In the field of structural materials, highly cross-linked polymeric solids are desirable due to their superior mechanical strength, durability and solvent resistance. In addition to these attributes, however, there also exist drawbacks: these materials experience a loss of re-cyclability and are usually brittle and rigid. Upon exposure to constant external stress, these systems experience thermal and mechanical fatigue that result in the formation of microcracks. When left untreated, these cracks propagate and enlarge through the sample, resulting in catastrophic failure.

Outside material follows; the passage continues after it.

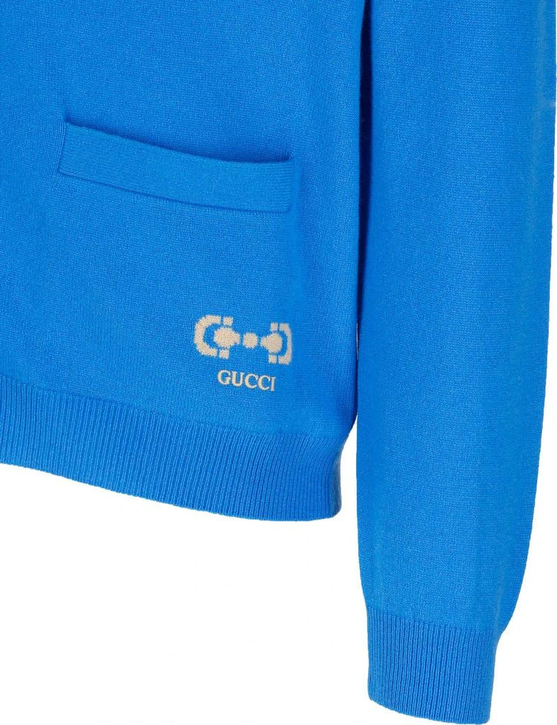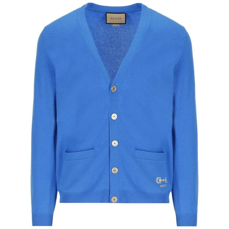 Un cárdigan de lana azul vibrante con un cuello en V clásico, cierre con botones en la parte delantera, ribetes acanalados y un sutil detalle de logotipo bordado, que ofrece un aspecto lujoso, refinado pero informal.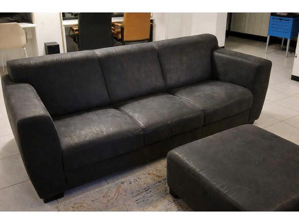 Donkergrijze bank met bijbehorende hocker. Gaat weg i.v.m. aanschaf nieuwe bank.

A strong desire, therefore, exists to address the problem of microcrack formation and propagation before total failure of the system occurs. This has led to the recent development of re-mendable and self-healing polymer systems. To allow for repeat mending cycles, it is advantageous to employ materials that incorporate the re-formation of chemical bonds, such as the Diels-Alder (DA) and retro Diels-Alder (rDA) reactions. The energy required to break the DA adducts is much lower than the energy required to break the remaining covalent bonds in the molecule. This allows for rebonding of the intermonomer linkages after crack formation. In this dissertation, a novel single component system that utilizes the rDA reaction to achieve multiple cycles of mending will be presented. These materials are hard, colorless, and transparent at room temperatures, and can be custom-tailored to fit a range of desired working temperatures.